Rafał Tomczak uległ wypadkowi podczas korzystania ze szlifierki kątowej. Kiedy trafił do „Żeromskiego” jego rękę trzymała się jedynie na lekko naciętych kościach.
- Byłem na szkoleniach i wiedziałem jak się zachować w takiej sytuacji. Zachowałem zimną krewi i zanim przyjechała karetka, trzymałem rękę do góry, by nie urwała się całkiem – wspomina Rafał.
Jego operacja trwała ponad 6 godzin. Lekarze zespolili naczynia tętnicze i naczynia żylne, nerwy oraz ścięgna ręki. Zabieg zakończył się sukcesem, mężczyzna rusza palcami i został już wypisany do domu.

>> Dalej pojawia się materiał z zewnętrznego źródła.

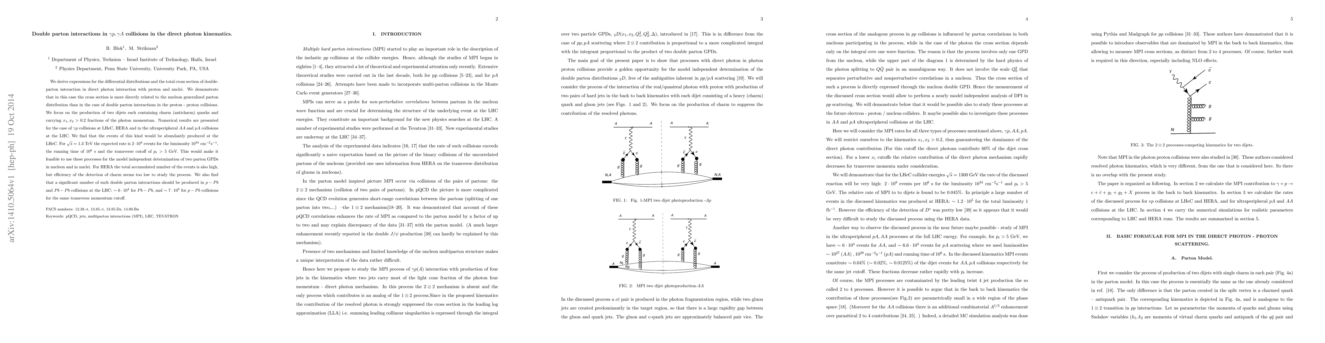 We derive expressions for the differential distributions and the total cross section of double- parton interaction in direct photon interaction with proton and nuclei. We demonstrate that in this case the cross section is more directly related to the nucleon generalized parton distribution than in the case of double parton interactions in the proton - proton collisions. We focus on the production of two dijets each containing charm (anticharm) quarks and carrying $x_1,x_2>0.2$ fractions of the photon momentum. Numerical results are presented for the case of $\gamma p$ collisions at LHeC, HERA and in the ultraperipheral $AA$ and $pA$ collisions at the LHC. We find that the events of this kind would be abundantly produced at the LHeC. For $\sqrt{s}=1.3$ TeV the expected rate is $2\cdot 10^8$ events for the luminosity $10^{34}$ cm$^{-2}s^{-1}$, the running time of $10^6$ s and the transverse cutoff of $p_t>5$ GeV. This would make it feasible to use these processes for the model independent determination of two parton GPDs in nucleon and in nuclei. For HERA the total accumulated number of the events is also high, but efficiency of the detection of charm seems too low to study the process. We also find that a significant number of such double parton interactions should be produced in $p - Pb$ and $Pb- Pb$ collisions at the LHC: $\sim 6\cdot 10^4$ for $Pb-Pb$, and $\sim 7 \cdot 10^3$ for $p-Pb$ collisions for the same transverse momentum cutoff.
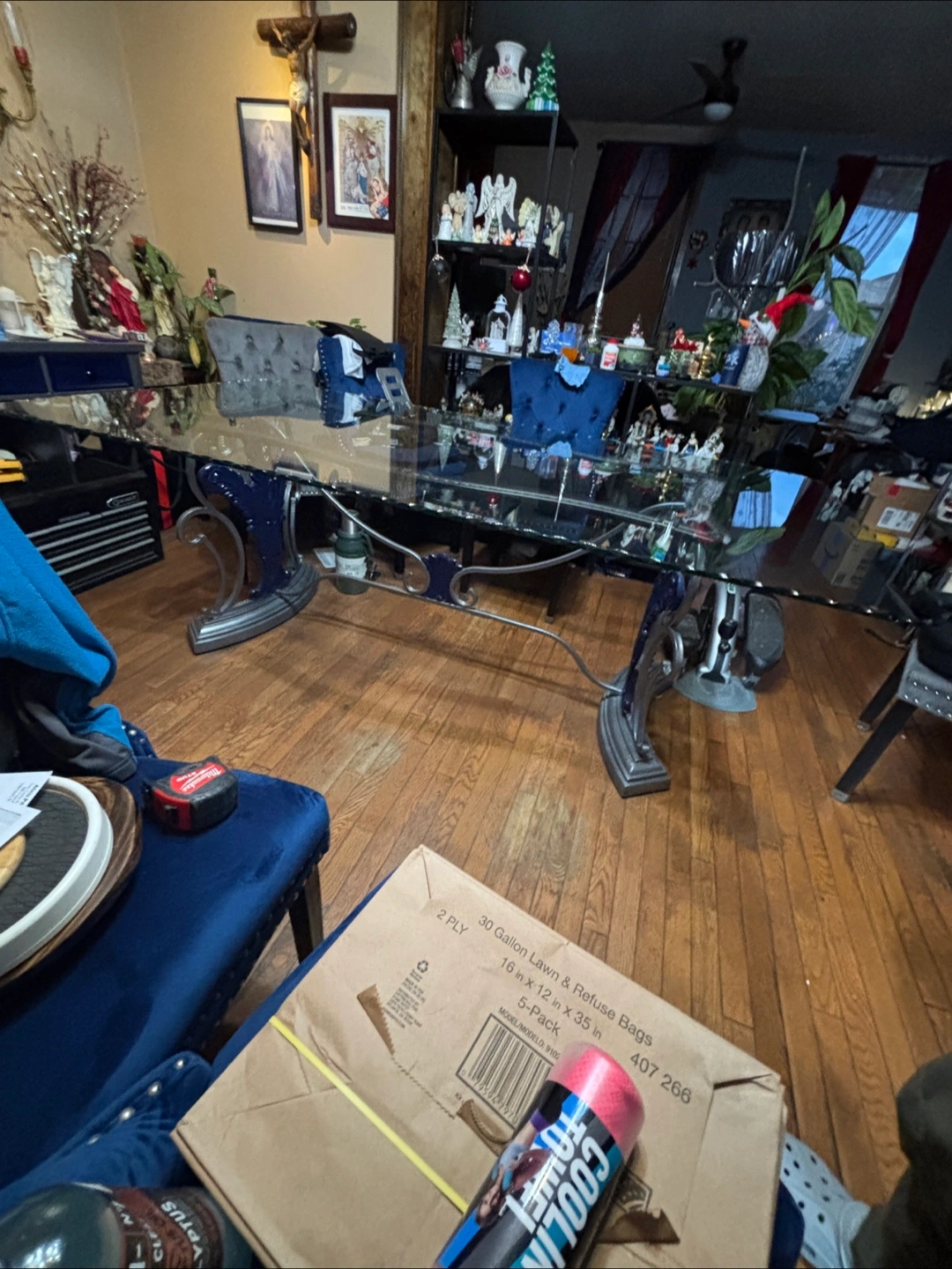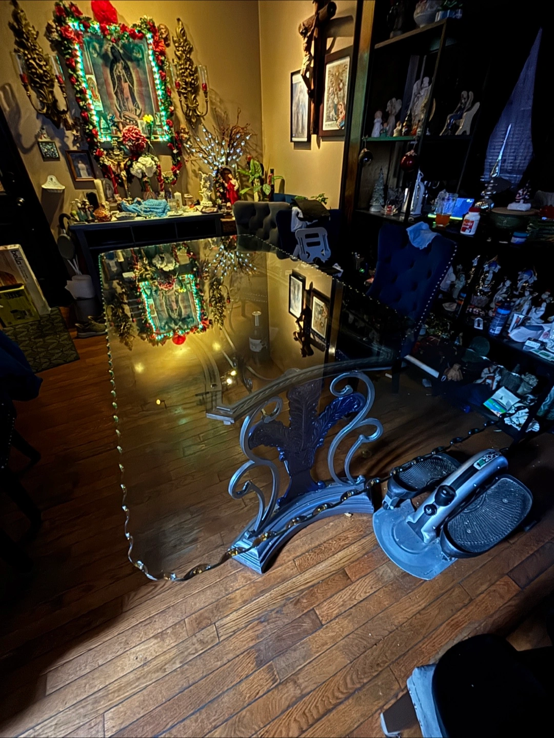 Selling a glass top dining table. It has a unique and decorative base. The glass top is large and clear, perfect for a dining room or large kitchen. It's in good condition and ready for a new home! Chairs not included

Specjaliści z „Żeromskiego” uratowali również rękę Pani Ewy. Kobieta miała zdartą skórę z całej dłoni i nadgarstka, groziła jej amputacja. Dzięki szybkiej interwencji krakowskich lekarzy nie była ona jednak konieczna. Chirurdzy przeprowadzili skomplikowaną rekonstrukcję tkanek dłoni oraz przeszczep skóry. Kobieta wraca do zdrowia pod opieką lekarzy.